| DATASET CONTENT |
+---+
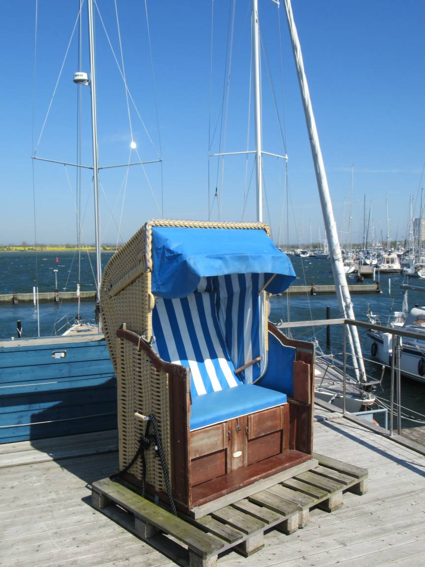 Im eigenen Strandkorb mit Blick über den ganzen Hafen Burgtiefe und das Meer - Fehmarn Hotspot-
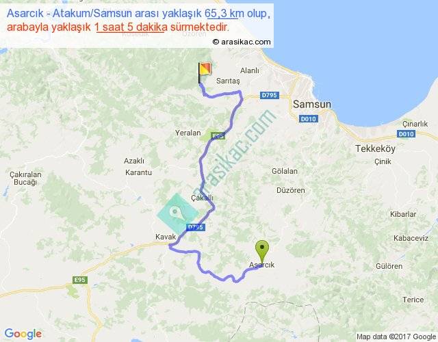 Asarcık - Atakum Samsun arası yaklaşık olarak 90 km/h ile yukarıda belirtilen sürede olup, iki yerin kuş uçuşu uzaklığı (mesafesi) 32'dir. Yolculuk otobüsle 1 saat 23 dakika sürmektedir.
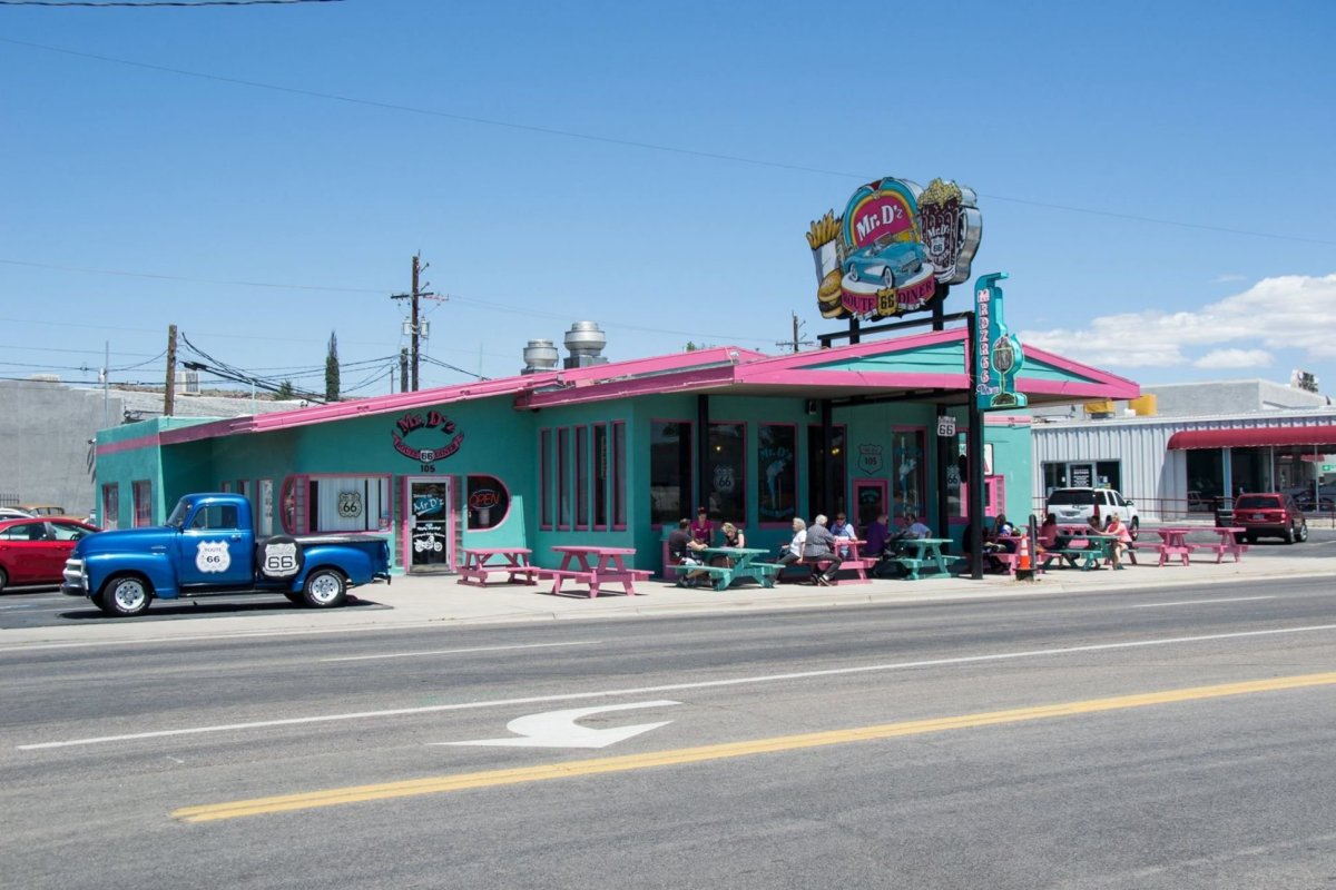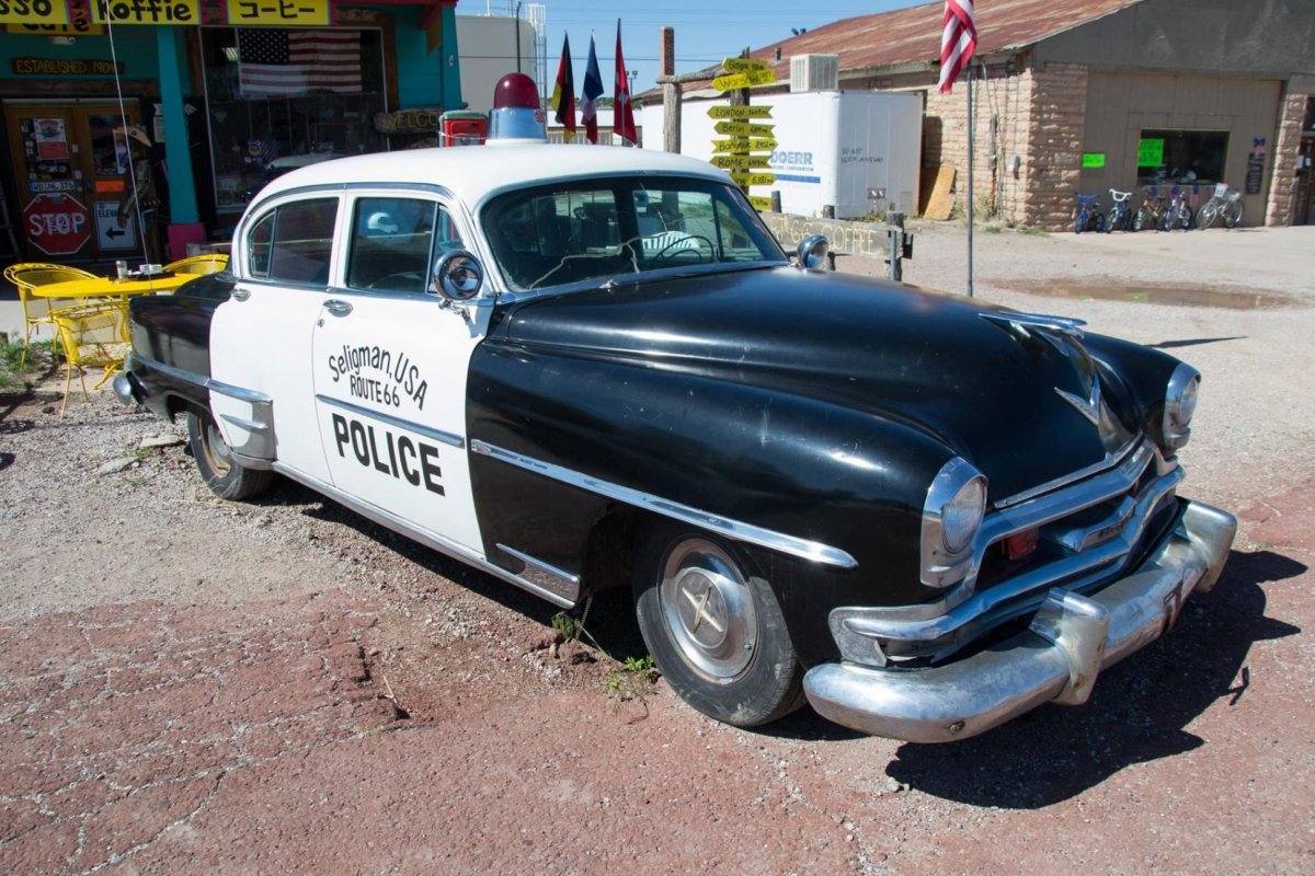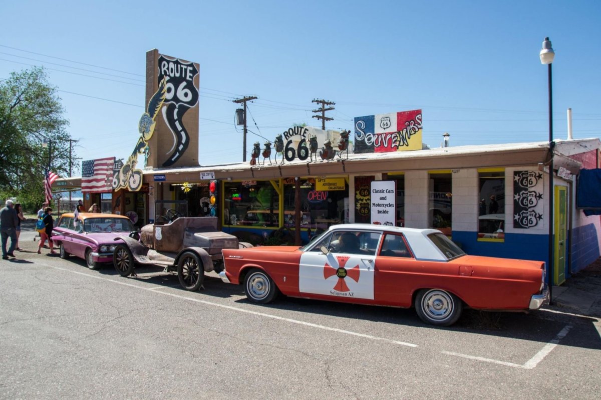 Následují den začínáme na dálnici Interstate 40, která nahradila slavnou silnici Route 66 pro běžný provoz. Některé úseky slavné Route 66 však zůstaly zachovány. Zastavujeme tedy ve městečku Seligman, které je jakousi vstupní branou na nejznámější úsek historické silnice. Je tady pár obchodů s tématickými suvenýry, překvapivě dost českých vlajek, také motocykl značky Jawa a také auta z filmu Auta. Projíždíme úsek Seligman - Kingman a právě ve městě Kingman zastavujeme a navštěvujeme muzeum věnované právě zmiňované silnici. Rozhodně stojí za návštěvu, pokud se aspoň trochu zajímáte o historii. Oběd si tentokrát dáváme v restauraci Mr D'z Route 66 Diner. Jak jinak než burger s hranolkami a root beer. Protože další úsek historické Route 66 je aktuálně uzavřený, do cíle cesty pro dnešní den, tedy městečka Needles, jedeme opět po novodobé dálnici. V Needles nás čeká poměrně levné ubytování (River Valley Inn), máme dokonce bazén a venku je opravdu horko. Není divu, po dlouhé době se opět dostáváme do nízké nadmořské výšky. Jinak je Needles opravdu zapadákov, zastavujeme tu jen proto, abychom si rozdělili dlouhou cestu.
+---+
Write out an exact copy of the listing, first line through the line containing "Asarcık - Atakum", with the pictures left out.

| RESULT |
 Im eigenen Strandkorb mit Blick über den ganzen Hafen Burgtiefe und das Meer - Fehmarn Hotspot-
 Asarcık - Atakum Samsun arası yaklaşık olarak 90 km/h ile yukarıda belirtilen sürede olup, iki yerin kuş uçuşu uzaklığı (mesafesi) 32'dir. Yolculuk otobüsle 1 saat 23 dakika sürmektedir.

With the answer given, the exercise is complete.